I’ve been struggling with this for 5-7 hours now. I think there is a problem with the way I’m writing something very fundamental I suppose, because I wrote the code as per the instructions given above the code snippet.
Inside the for-loop, I have in 2 places this set of lines for both + and -
You can replace “delta” with “plus” and “minus”.
theta_delta = np.copy(parameters_values)
theta_delta [i] += epsilon
J_delta[i], _ = forward_propagation_n(X, Y, vector_to_dictionary(theta_delta))
Output:
difference is: 0.2850931567761623
numerator: 2.3225406048733928
denominator: 8.146602433873603
I print the values for gradapprox[i] and see that the difference is relatively big for i = 20-23 and i = 35-38 which corresponds to ‘b1’ and ‘W2’ parameters respectively. Printing the Js reveals that the delta (or simple subtraction) between plus and minus is in the order of 1e-7 and 1e-8 throughout the loop, and 8 floating places long like gradapprox and grad.
I get the gradapprox by simple subtraction and then divide by 2 * epsilon as it says in the description.

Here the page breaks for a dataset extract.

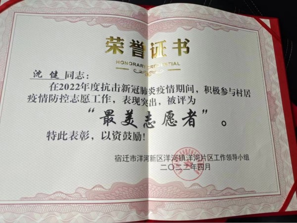 此輪疫情期間,洋河服務(wù)中心共組織14人次參加洋河新區(qū)交通建設(shè)局組織的志愿服務(wù)活動(dòng),12人次參加防疫維穩(wěn)工作。居家辦公員工就近參加社區(qū)服務(wù),中心員工劉瑋、沈建,化身為社會(huì)防疫工作的 “大白”,積極參與防疫工作。4月18日,洋河新區(qū)授予沈健“最美志愿者”稱(chēng)號(hào)。

And in the validation code below the code snippet there is a line that says,
cost, cache = forward_propagation_n(X, Y, parameters)
gradients = backward_propagation_n(X, Y, cache)
difference = gradient_check_n(parameters, gradients, X, Y, 1e-7, True)
expected_values = [0.2850931567761623, 1.1890913024229996e-07]
is the expected value for difference, 0.2850931567761623 or 1.1890913024229996e-07?
Since I already got the answer of 0.2850931567761623.